The American Medical Association has described gender assignment care, which can include puberty-blocking drugs and hormone treatments, as “medically necessary” and “evidence-based.” It has urged states not to ban the practice because of a significantly heightened risk of suicide from “societal stigma and discrimination.”

Transgender children are not offered puberty blockers or hormone treatments until they reach puberty, according to The Washington Post, and the care is reversible. Gender surgeries for minors are rare and are usually not recommended before the age of 18.

There is an acknowledgment in Fine’s transgender bill that science is complicated when it comes to sex and gender. Despite the specific language that the gender on someone’s birth certificate can’t be changed, the bill would allow treatment by a “good faith” physician on minors with “ambiguous” sexual characteristics or those without “normal sex chromosome structure.”

That appears to allow intersex surgeries, which alter genitals to make them appear more normal. They have been deemed medically unnecessary and intrusive, with some hospitals refusing to perform them on children too young to consent.

‘Carte blanche to kidnap’

A companion bill to Fine’s, SB 254, filed by Yarborough, would make it a third-degree felony to provide such treatments to minors.
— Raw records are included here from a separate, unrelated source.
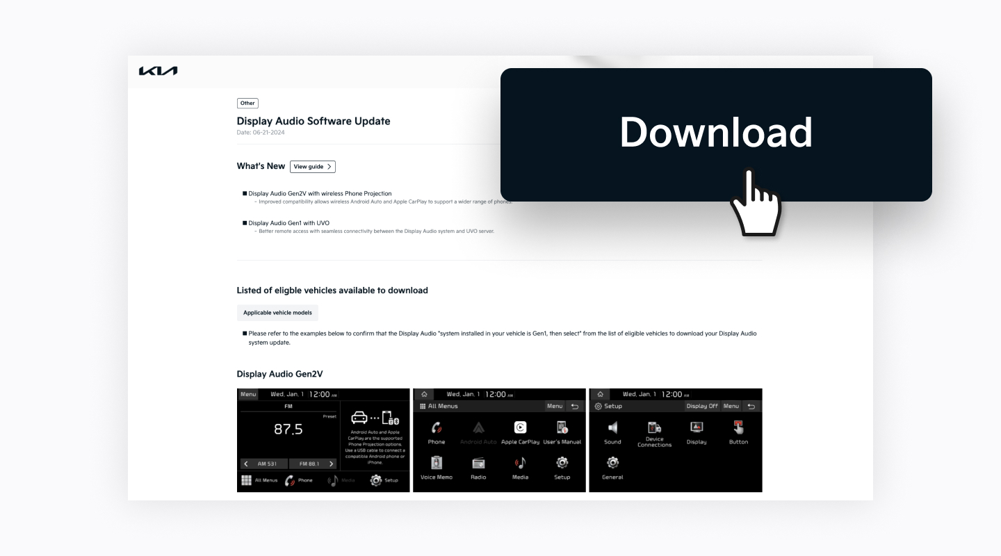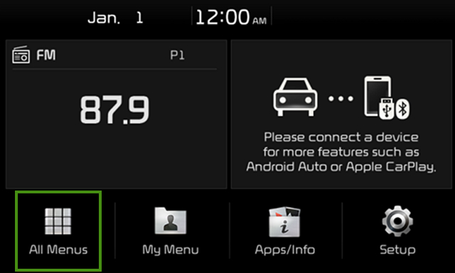 Press the "Setup" key or tap the Setup touchscreen button in the All Menus section of the Display Audio system.
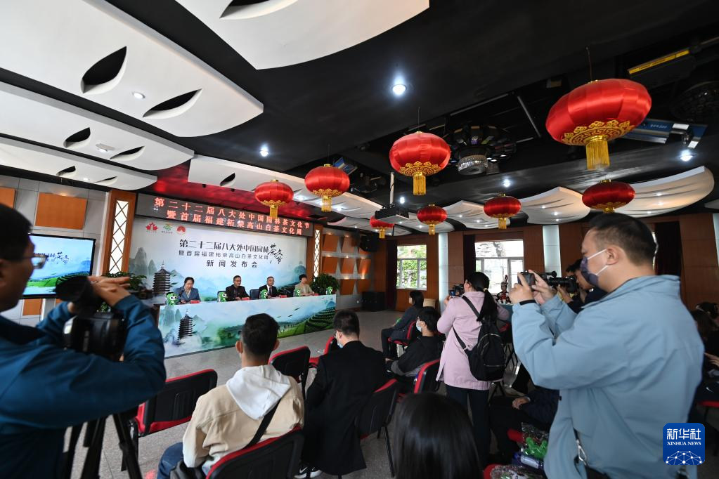 當(dāng)日,第二十二屆八大處中國園林茶文化節(jié)暨首屆福建柘榮高山白茶文化周在北京舉行新聞發(fā)布會。據(jù)介紹,該活動將于4月28日至5月3日在北京八大處公園舉行。期間,福建省柘榮縣多家茶企業(yè)將在八大處公園內(nèi)設(shè)臺擺桌,沏茶迎客,供游客品嘗高山白茶,感受白茶特有文化。(新華社記者 李俊東 攝)
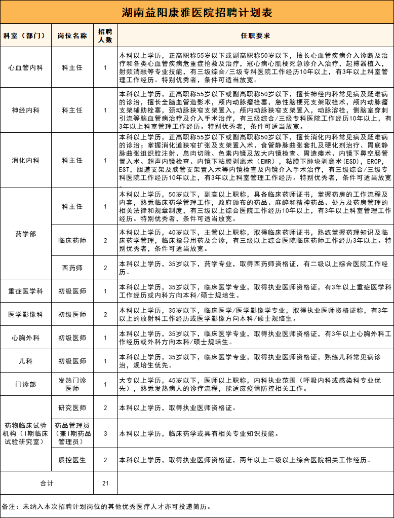 心血管内科科主任神经内科科主任消化内科科主任药剂科科主任药剂科临床药师西药师重症医学(ICU)医师医学影像科初级医师心胸外科初级医师儿科初级医师

It also contains a provision granting the state emergency jurisdiction over a child present in the state, even if he or she lives in another state, if someone brought the child to Florida to stop transgender care or to keep the child from being “at risk” of such care.

Ashley Mayfaire, director of the South Florida non-profit group TransSOCIAL, said the bill’s language doesn’t specify who would have the right to take control of a child for that purpose.

“It could be grandparents or parents that don’t have custody rights [given] carte blanche to kidnap,” she said. “... It’s really a horrible way to frame transition care as a form of child abuse.”

Eradicating transgenderism

The debate over trans rights comes as rhetoric has been amplified in conservative spaces.

On stage at the Conservative Political Action Conference last week, commentator Michael Knowles said “there can be no middle way in dealing with transgenderism. ... Transgenderism must be eradicated from public life entirely.”

The sentiment was echoed by Knowles’ fellow Daily Wire colleague Matt Walsh, who had already said earlier this year he’d “rather be dead” than have one of his children be transgender.

Fine, who said last year that opponents of his proposed bill were a “radical grooming minority that tried to sexualize our children,” praised his proposal on social media.

“The butchering of children will be illegal in Florida, Florida citizens will not be obligated to pay for the sexual mutilation of adults, and those tricked into this evil will have 30 years to sue those who misled them,” Fine wrote on Twitter last week.

Fine declined to comment for this story.

Mayfaire said the wave of legislation in Florida and other GOP-led states will lead, if it hasn’t already, to families and individuals leaving for more-welcoming states. But not everyone has the means to just go.

“There’s definitely socioeconomic barriers,” she said. “But it’s very similar to what they’re doing with the abortion bans. It’s removing options for folks so they have to face tremendous barriers to get the care that they need medically. They’re creating ... refugees in their own states.”